=== Material provided ===
━━━━━━━━
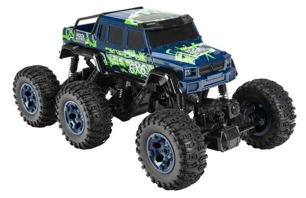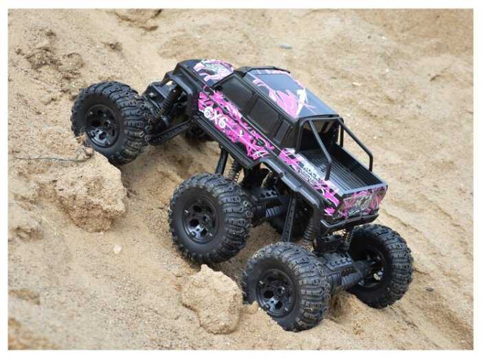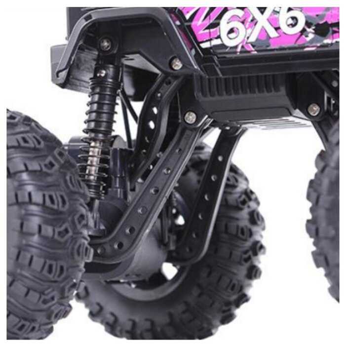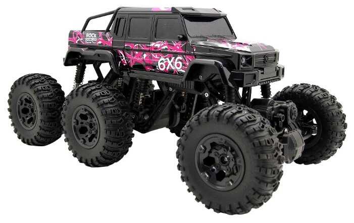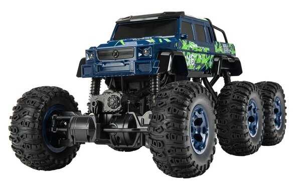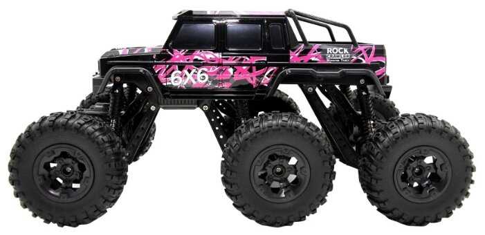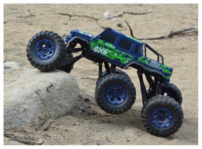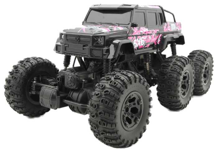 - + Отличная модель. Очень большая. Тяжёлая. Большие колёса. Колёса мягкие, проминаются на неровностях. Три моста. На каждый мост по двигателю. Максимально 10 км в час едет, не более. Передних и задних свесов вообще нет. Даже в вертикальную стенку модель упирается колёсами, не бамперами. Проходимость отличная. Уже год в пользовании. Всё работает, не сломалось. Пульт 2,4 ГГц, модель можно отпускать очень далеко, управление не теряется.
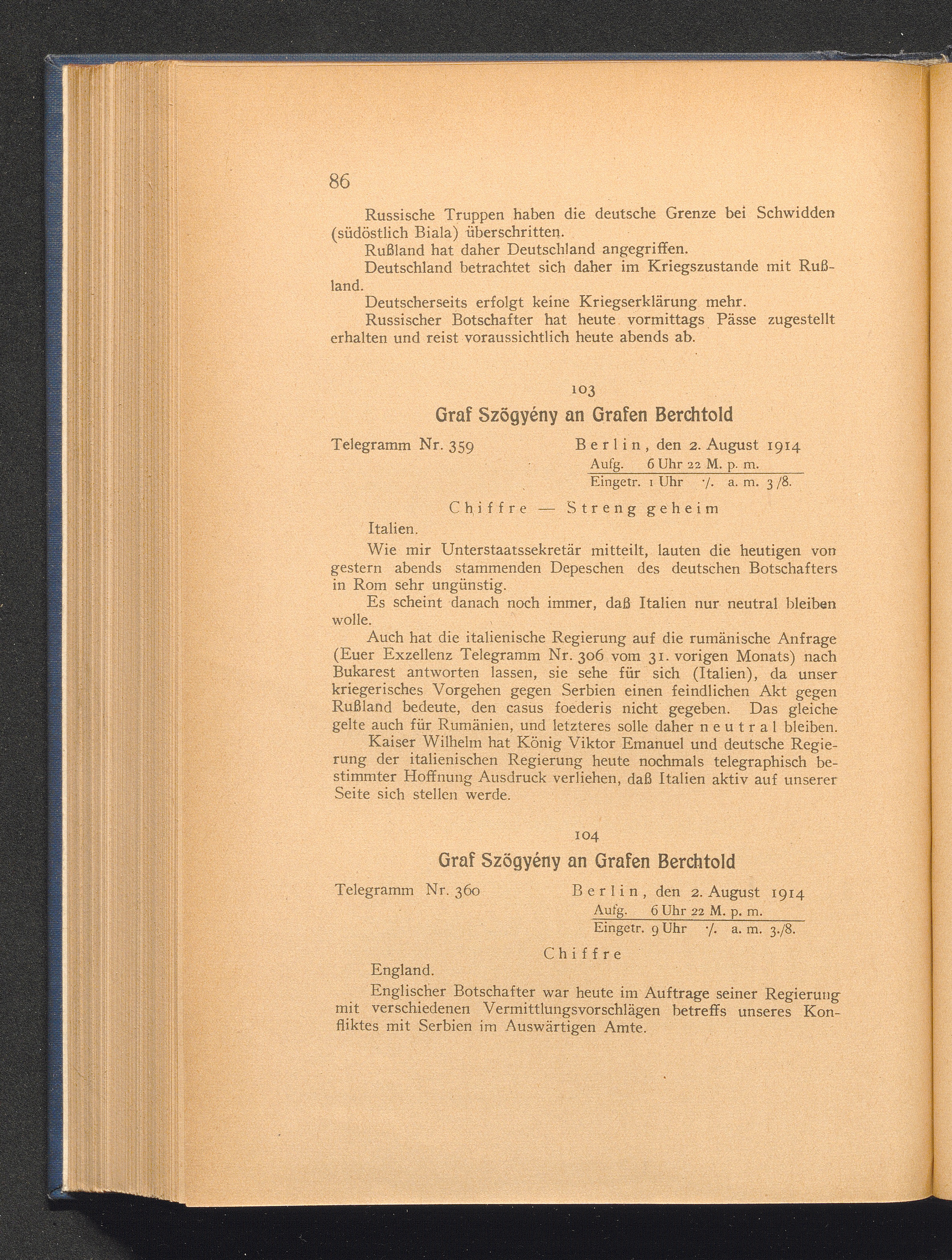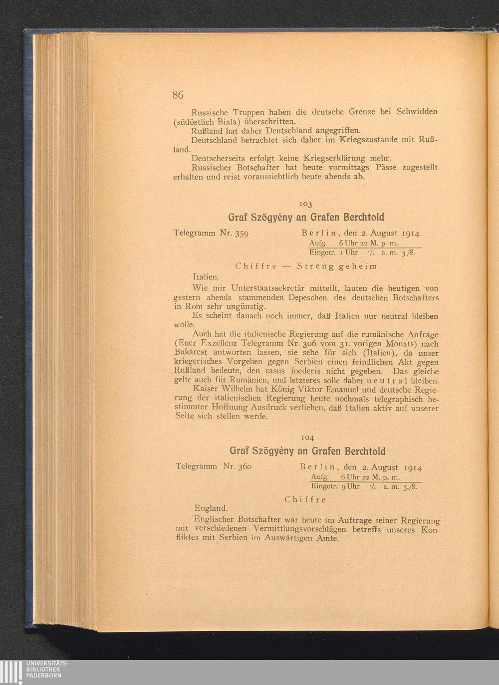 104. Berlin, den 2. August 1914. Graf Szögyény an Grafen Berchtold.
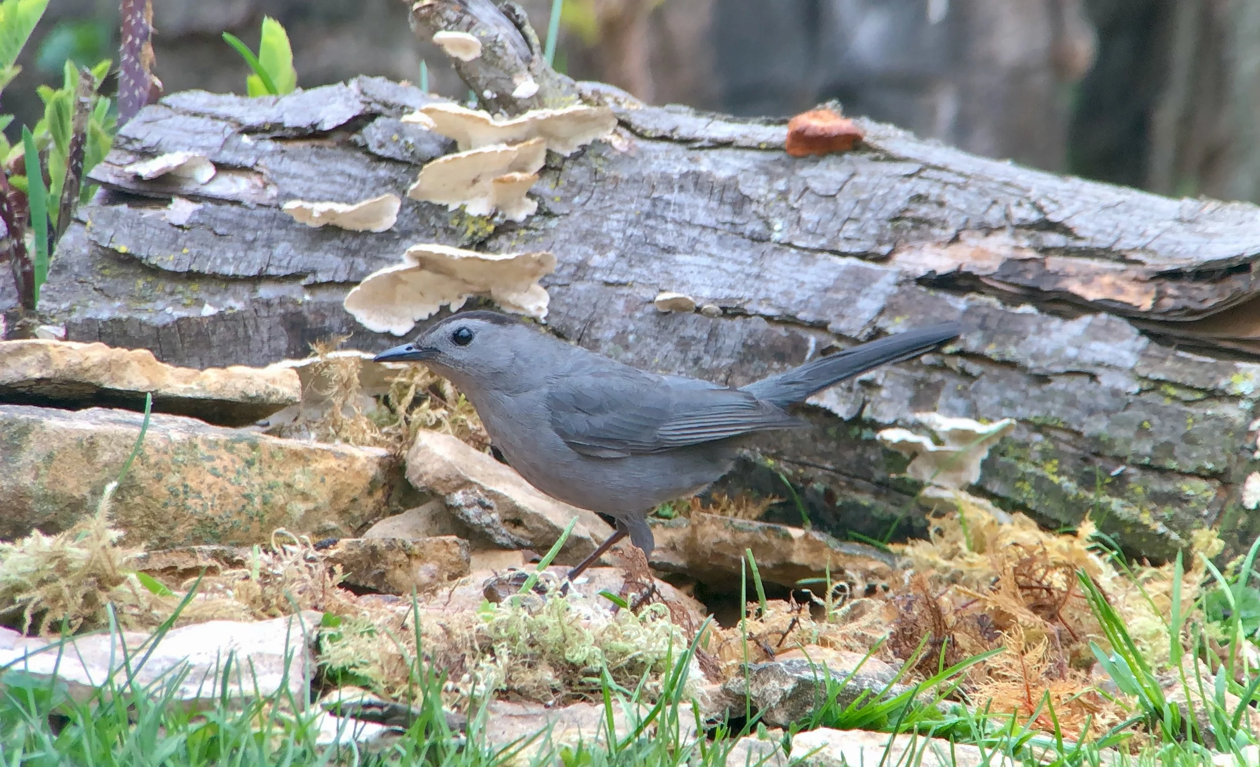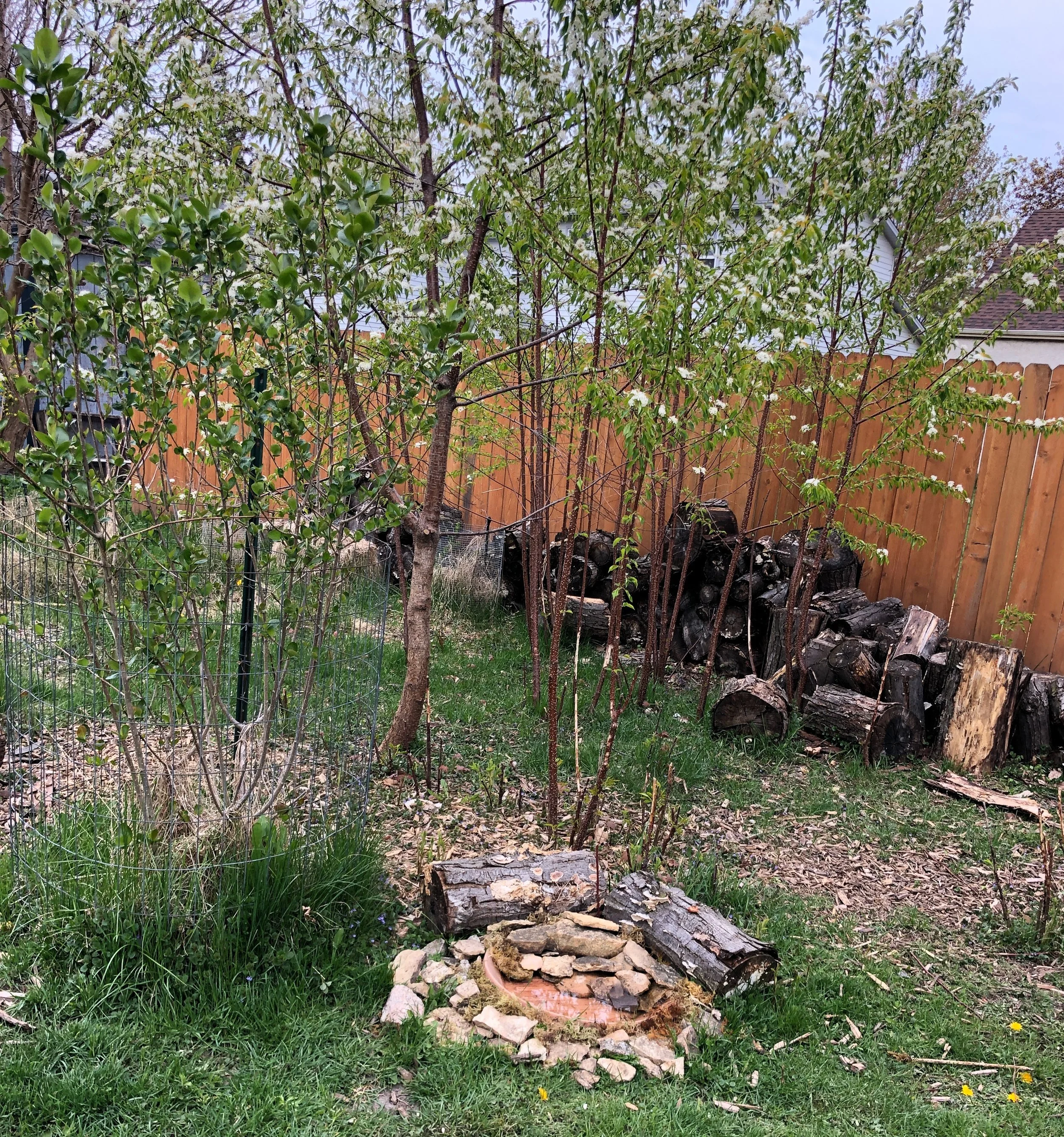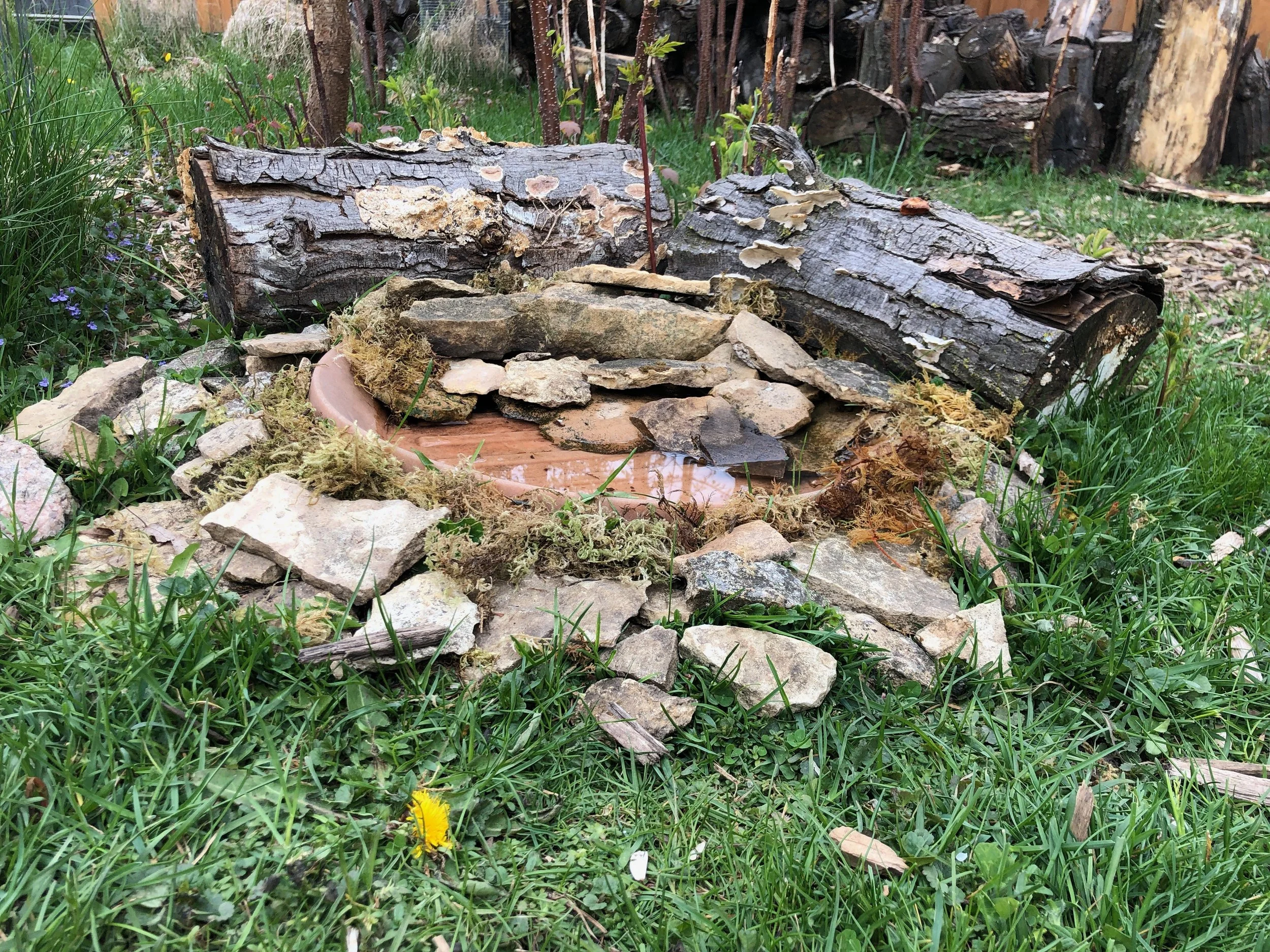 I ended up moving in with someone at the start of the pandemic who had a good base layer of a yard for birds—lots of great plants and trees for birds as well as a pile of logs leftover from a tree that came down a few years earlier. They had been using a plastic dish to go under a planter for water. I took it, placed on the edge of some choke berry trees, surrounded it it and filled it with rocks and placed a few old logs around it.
━━━━━━━━
=== Exercise objective ===
Only the lines from the line with "104. Berlin, den" through the closing line of the data, both included, should be set down, exactly as written and without pictures.

=== Expected answer ===
 104. Berlin, den 2. August 1914. Graf Szögyény an Grafen Berchtold.
 I ended up moving in with someone at the start of the pandemic who had a good base layer of a yard for birds—lots of great plants and trees for birds as well as a pile of logs leftover from a tree that came down a few years earlier. They had been using a plastic dish to go under a planter for water. I took it, placed on the edge of some choke berry trees, surrounded it it and filled it with rocks and placed a few old logs around it.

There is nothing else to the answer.